Why You Shouldn’t Flush Your Cat’s Poop Down the Toilet

People are usually excited to report how proud they are of their pets that have been toilet trained. Others even boast that the pets trained themselves after watching the humans do it. While toilet training animals may appear to be such a significant achievement, in the real sense, it is a major disservice to not just your pet but also to other animals. Therefore regardless of how hygienic you are or how tired you are of cleaning the litter, flushing down cat poop is not the answer to your problems. Here are a few reasons why.

You will be saving otters

In 2014, takepart published that toxoplasmosis accounted for 17% of all sea otter deaths every year. While the scientists had concluded that it is the parasites that only reproduce in felines that caused the fatality, how the parasites reached the seas remained a mystery. Although it was clear that the marine snails that the sea otters ate were to blame for transmitting the parasites, it was still unknown how the marine snails ended up carrying the Toxoplasma gondii. However, that mystery has been solved.

An associate professor at the University of California, Karen Shapiro, revealed that after decades of research they had found a significant link between deaths of sea otters and cats on land. Cats are the only know hosts of the parasite, which is usually in its egg-form (oocytes) in the feces of felines. Once a cat poops outside, the feces get into waterways when washed away by rain.

The feces end up on seaweeds, which are then eaten by marine snails. The food chain continues, and snails are, in turn, consumed by sea otters. Sea otters then get severe brain inflammation from consuming the toxic marine snails and die. Those that do not die from parasite instead get a mild brain inflammation, which makes them easy prey for sharks.

While flushing may seem to solve the problem of disposing of cat litter, unfortunately, wastewater treatment does not kill the oocytes. Therefore Karen advised that we should avoid disposing of cat litter by flushing it or dumping garbage offshore. She also discouraged people from feeding feral cats since their poop will still end up in waterways and later in the ocean.

Health reasons for both you and your cat

WUSA-TV reported that not all modern filtration systems can get rid of the toxoplasma. Since locating safe drinking water sources is a challenge, the best thing you can do is prevent the problem. Therefore by not flushing your cat’s poop, you will also be ensuring that you and other humans do not fall ill since the parasite can be carried over long distances through water. Most people do not show symptoms after infection, but in the rare cases they do, fever, fetal developmental disorders, brain or eye damage, premature and death have been known to occur.

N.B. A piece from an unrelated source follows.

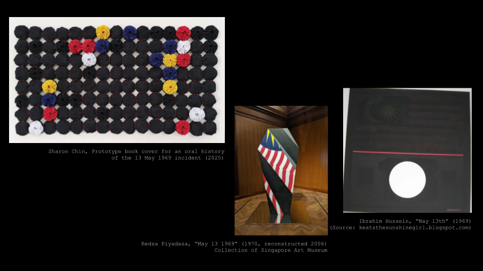 I was also thinking alongside a couple of other works: “May 13 1969” by Redza Piyadasa, on permanent display here in the Southeast Asian galleries. I make it a point to spend time with this work whenever I have the privilege of being in Singapore.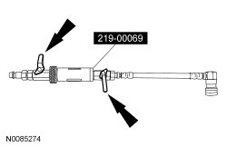 5. Install the dye/lubricant injector between the low-side service gauge port valve and the refrigerant service station or manifold gauge set.

On the other hand, it is uncomfortable for your feline friend to jump to reach the toilet bowl, especially when the bowl is at a considerable height. Although a young cat may not mind the height when he grows older and develops arthritis, you will only be punishing him since reverting to the natural way of disposing of their litter will then be too late. Besides, poop in the litter box allows you to investigate any signs of illness such as blood-stained feces, loose stool, reduced volume of urine, among many more. Without evidence of the changes in poop or urine, chances of your cat’s health problems going undetected are high.

Financial reasons

If causing the untimely death of sea otters or other human beings does not move you, then maybe you should consider how deep you will dig into pockets if you fail to dispose of your cat’s poop properly. Even if you get flushable cat litter, you are still facing a huge plumbing bill. Experts still think that the flushable litter will wreak havoc in your plumbing system as your septic tank develops issues, according to Mother Nature Network. Most modern toilets are designed to save water hence the 1.6 gallon available for flushing the litter is not enough to completely keep the poop moving.

Additionally, toilets are made with human waste in mind meaning that the hard feces of cats will result in clogging. Cat poop hardens the longer it gets exposed since you cannot be around to dispose of it immediately your cat does his business. The hard matter will clog your pipes, and you should, therefore, expect a huge plumbing bill if you continue flushing the cat poop down the toilet.

Best way to dispose of cat poop

Researchers found the direct link between cat poop and death of sea otter, thus advocate for putting your cat litter in the trash. The Spruce Pets agrees that putting litter in the trash is the best methods of disposing of cat poop. The article goes ahead to give guidelines on how to do it properly, and first of all, you should ensure that you clean the litter box at least once every day; that goes for every litter box in your house.

You should be able to scoop the stool and urine clumps and put them in a trash bag. Since you do not want to have a stench in your compound, ensure that tie a knot tightly around the bag, which also helps to prevent the spread of bacteria. Therefore even if you read advice to use the trash instead of flushing poop, you are not supposed to put the litter directly in the trash. Such a disposal method would defeat the purpose of avoiding using the toilet since the fecal matter would still end up in the environment every time the trash can is opened.

Further, if you are thinking of adding some manure to your garden through the cat litter, ensure that there is no fecal matter, and the litter is biodegradable. Still, you have to ensure that the compost bin heats to over 145 degrees Fahrenheit for it to be good enough to use around your edible foods. However, if you live in the coastal region, avoid using the litter even in your garden, even if it is for decorative purposes.